WHAT IS BEING ASKED
Leaving all pictures aside, copy exactly the lines from the start of the listing below through the line that contains "ONLYOFFICE 前端嵌入依赖 后端服务支撑 (前端无法单独运行)", and only those lines.

[[ THE DATA open ]]

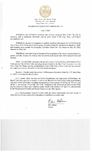 Emergency Executive Order No. 111, extends Emergency Executive Order No. 107, dated May 31, 2022, for five (5) days, if this relates to Covid-19.
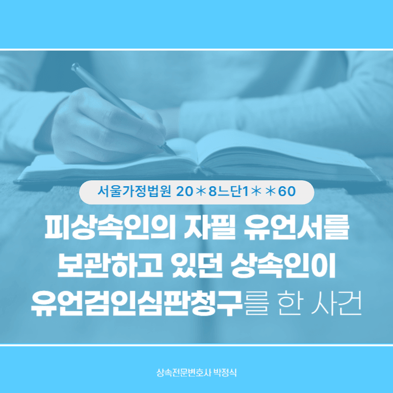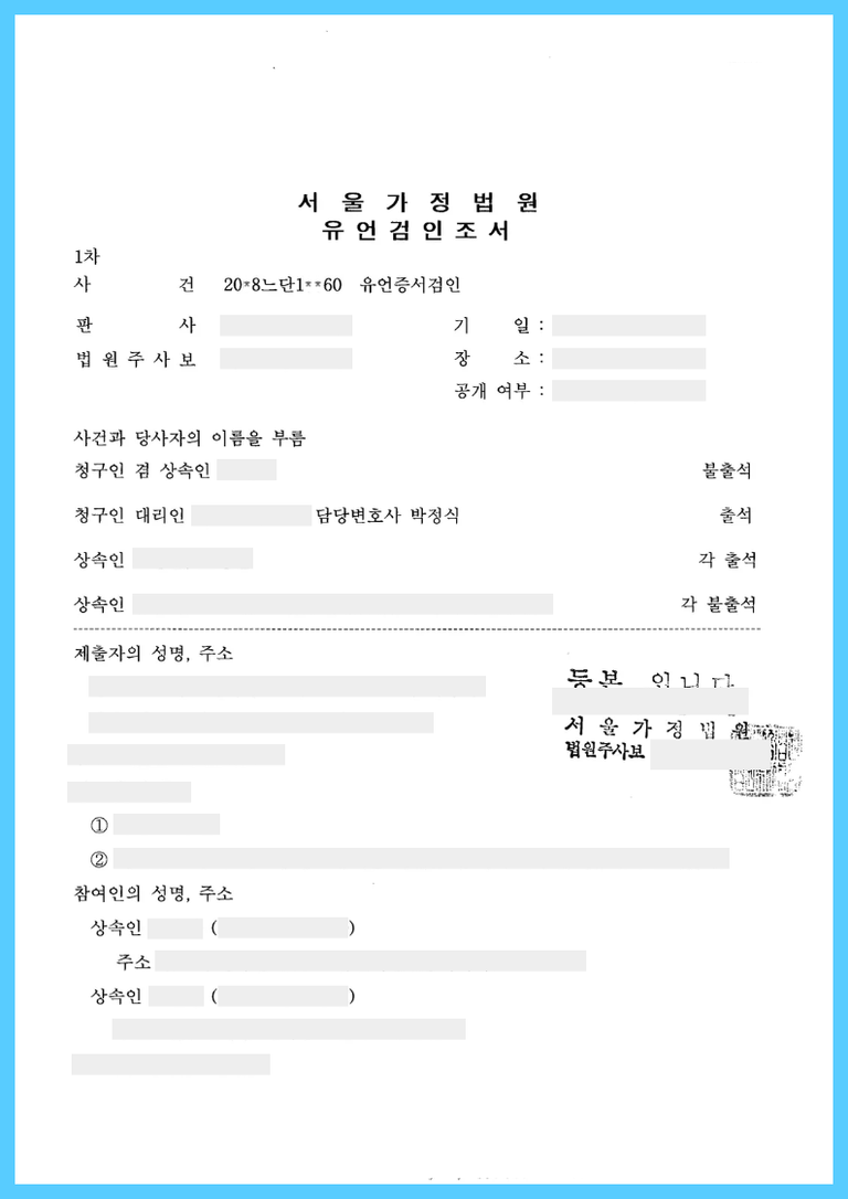 유언자 망인은 주소지에서 자필로 유언서를 작성하여 유언자의 장녀인 청구인에게 보관하도록 하여 청구인이 이를 보관하고 있던 중, 이후 유언자가 사망하여 검인을 신청하기에 이르렀습니다.
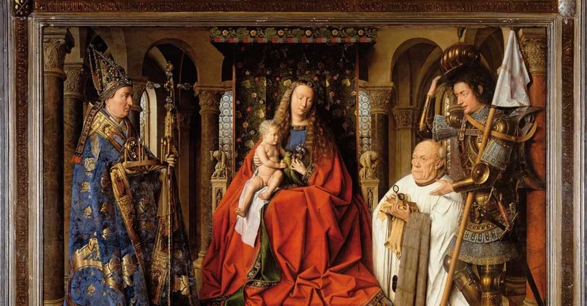 The Madonna with Canon van der Paele painting by the Netherlandish Renaissance artist Jan van Eyck (c. 1390-1441 CE). 1436 CE. (Groeningemuseum, Bruges, Belgium)
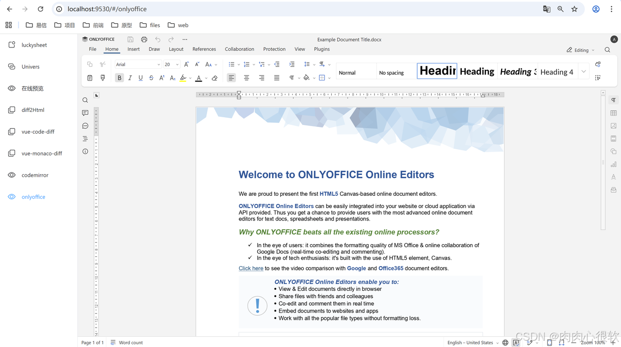 ONLYOFFICE 前端嵌入依赖 后端服务支撑 (前端无法单独运行)
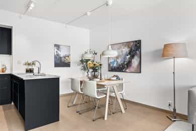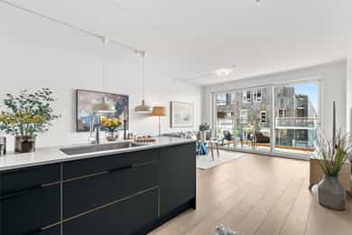 4.etasje, 83 m² BRA-I: Entré, bad, bad 2, stue, kjøkken, 3 soverom. Leiligheten disponerer ekstern bod i kjeller på ca. 6 m². Entré: Leiligheten ønskes velkommen av en innbydende entré med et moderne uttrykk. Det er etablert en romslig skyvedørsgarderobe med speilfronter for oppbevaring av yttertøy og sko. Her får man et godt førsteinntrykk av boligen, med gjennomgående malte flater og eikeparkett som bidrar til en helhetlig og stilren ramme. Stue: Stuen fremstår som et naturlig oppholdsrom med god plass til både sofagruppe og spiseplass. De malte flatene og eikeparketten gir rommet et moderne og innbydende uttrykk. Fra stuen er det direkte utgang til balkongen, noe som gir en fin forlengelse av oppholdsarealet i sommerhalvåret og bidrar til en lys og åpen romfølelse. Kjøkken: Kjøkkenet ligger i en praktisk åpen løsning med stuen. Kjøkkenet har en moderne HTH-innredning fra byggeår med sorte, slette fronter og kompositt benkeplate med underlimt benkebeslag, som gir et eksklusivt preg. Kjøkkenet er godt utstyrt med integrert kjøl/frys, oppvaskmaskin, stekeovn, induksjonstopp og ventilator med mekanisk avtrekk. Integrert komfyrvakt gir en ekstra trygghet i hverdagen. Her ligger alt til rette for både matlaging og hyggelige samlingspunkter i hjemmet. Baderom I: Baderommet er tilknyttet hovedsoverommet. Badet er flislagt og har vannbåren gulvvarme, som gir god komfort. Innredningen består av heldekkende servant på underskap, speil med belysning, vegghengt klosett og dusj med dusjvegger i herdet glass. I tillegg er det opplegg for vaskemaskin og rommet har balansert ventilasjon. Badekar. Baderom II: Boligens andre bad holder samme moderne standard og er praktisk plassert i entréen. Badet er flislagt og har vannbåren gulvvarme, samt heldekkende servant på underskap, speil med belysning, vegghengt klosett og dusj med dusjvegger i herdet glass. Hovedsoverom: Hovedsoverommet er romslig med en privat og skjermet følelse. Her er det etablert en romslig skyvedørsgarderobe med speilfronter som sikrer god oppbevaring. Hovedsoverommet har direkte tilknytning til eget bad, noe som gir en praktisk og komfortabel løsning i hverdagen. Soverom II: Soverom nummer to egner seg godt som barnerom, gjesterom eller kontor, avhengig av behov. Soverom III: Det tredje soverommet gir fleksible bruksmuligheter og kan benyttes som ekstra soverom, hjemmekontor eller hobbyrom. Her er det også direkte utgang til boligens balkong. Balkong: Fra stuen er det utgang til balkong på ca. 10 m². Selger informerer at balkongen har gode solforhold fra tidlig ettermiddag og utover kvelden i sommerhalvåret, noe som gir fine rammer for hyggelige uteopphold.
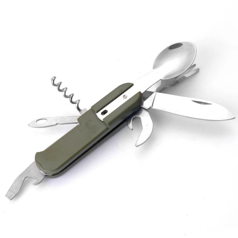 Compact and versatile, this 7-in-1 stainless steel utensil is a must-have for outdoor enthusiasts. Combining a spoon, fork, knife, bottle opener, corkscrew, and more in one portable tool, it’s perfect for camping, hiking, picnics, and emergency kits. Durable, easy to carry, and designed for convenience wherever your adventure takes you.
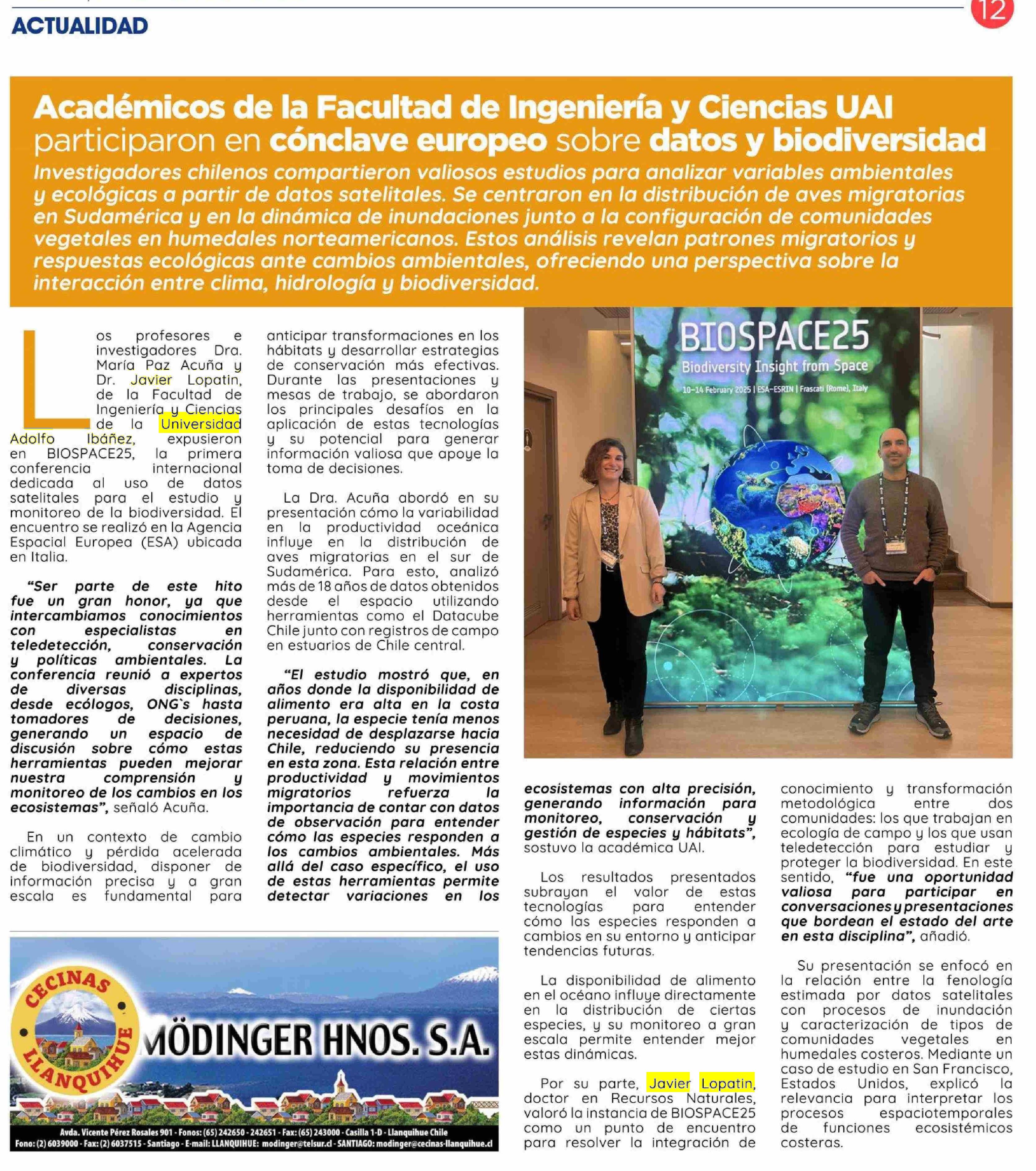 Académicos de la facultad de ingeniería y ciencais UAI participaron en cónclave europeo sobre datos y biodiversidad
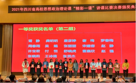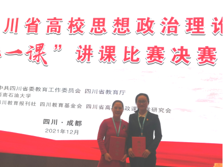 12月10日,2021年四川省高校思想政治理论课“精彩一课”讲课比赛决赛在西南石油大学举行,来自全省高校的133位思想政治理论课教师参加了决赛。通过激烈角逐,我院马克思主义学院青年教师龚小聪荣获《思想道德与法治》(高职组)决赛特等奖,张晓莉荣获《形势与政策》(高职组)决赛一等奖。
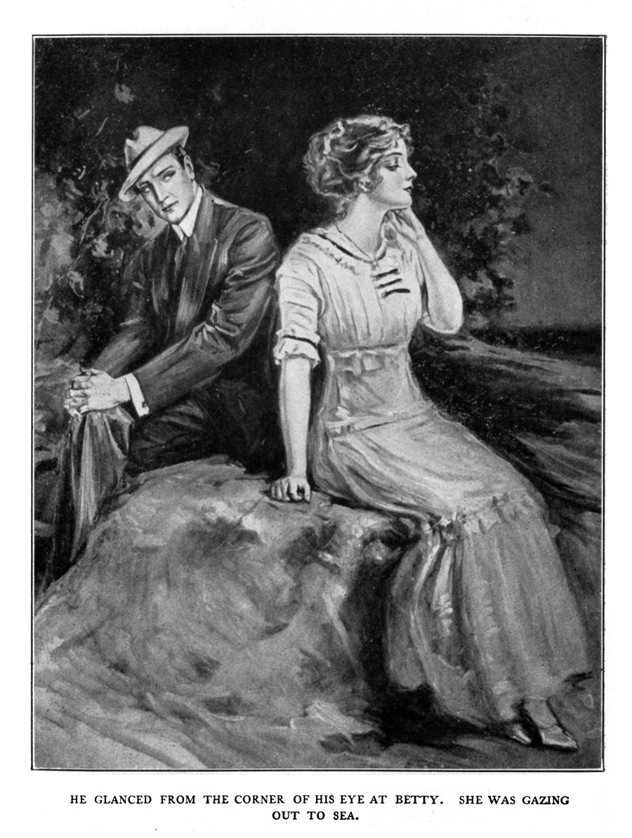 A PRETTY girl in a blue dress came out of the house, and began to walk slowly across the terrace to where Elsa Keith sat with Marvin Rossiter in the shade of the big sycamore. Elsa and Marvin had become engaged some few days before, and were generally to be found at this time sitting together in some shaded spot in the grounds of the Keiths’Book had typo:
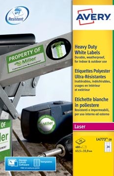 AVERY weerbestendige etiketten ft 63,5 x 33,9 mm, 480 stuks, 24 per blad
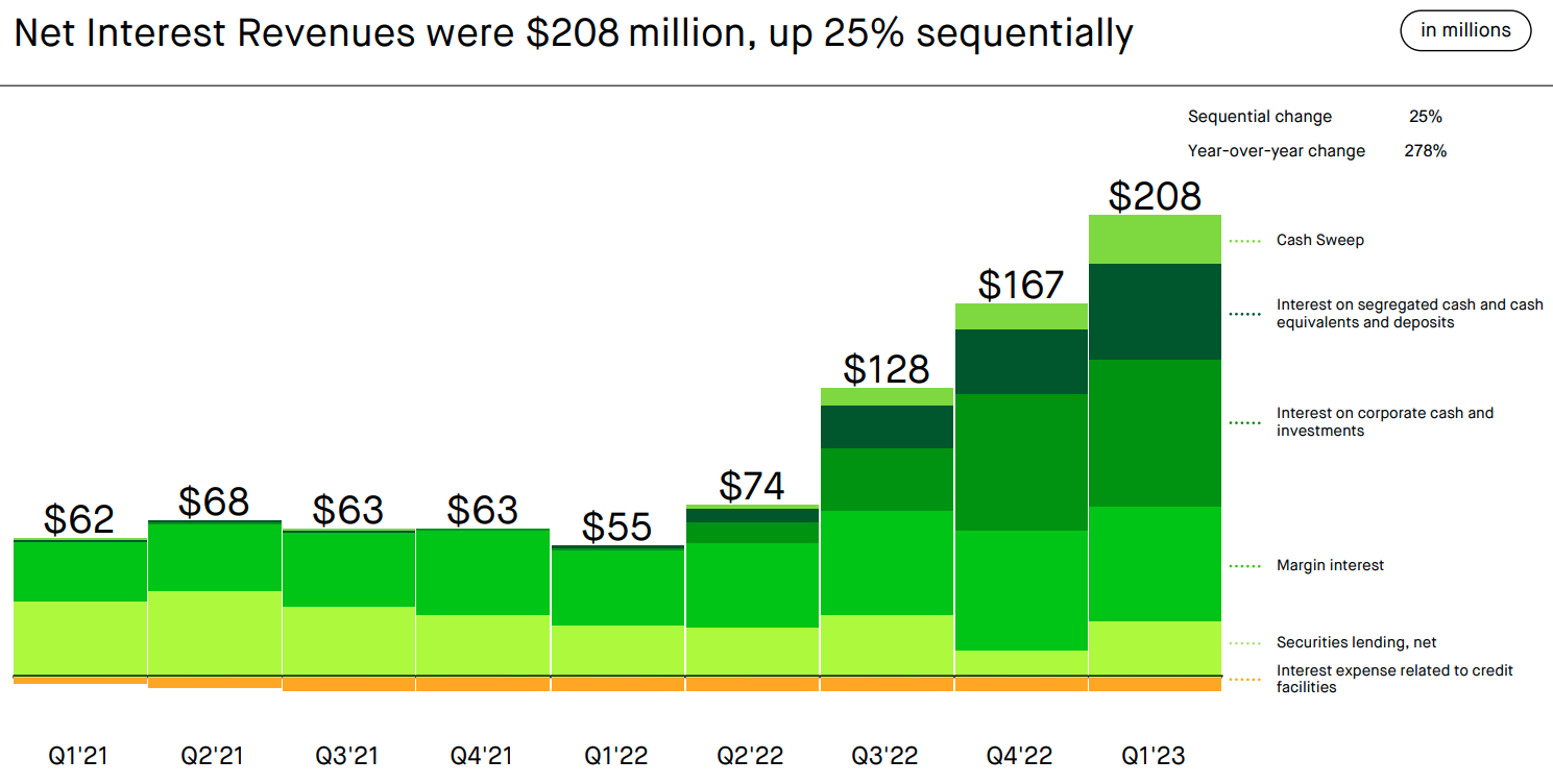 Per Robinhood, the gains in interest revenue were “driven by growth in interest earning assets, increased securities lending activity, and higher short-term interest rates.”

[[ THE DATA closed ]]

RESPONSE TO THIS EXERCISE
 Emergency Executive Order No. 111, extends Emergency Executive Order No. 107, dated May 31, 2022, for five (5) days, if this relates to Covid-19.
 유언자 망인은 주소지에서 자필로 유언서를 작성하여 유언자의 장녀인 청구인에게 보관하도록 하여 청구인이 이를 보관하고 있던 중, 이후 유언자가 사망하여 검인을 신청하기에 이르렀습니다.
 The Madonna with Canon van der Paele painting by the Netherlandish Renaissance artist Jan van Eyck (c. 1390-1441 CE). 1436 CE. (Groeningemuseum, Bruges, Belgium)
 ONLYOFFICE 前端嵌入依赖 后端服务支撑 (前端无法单独运行)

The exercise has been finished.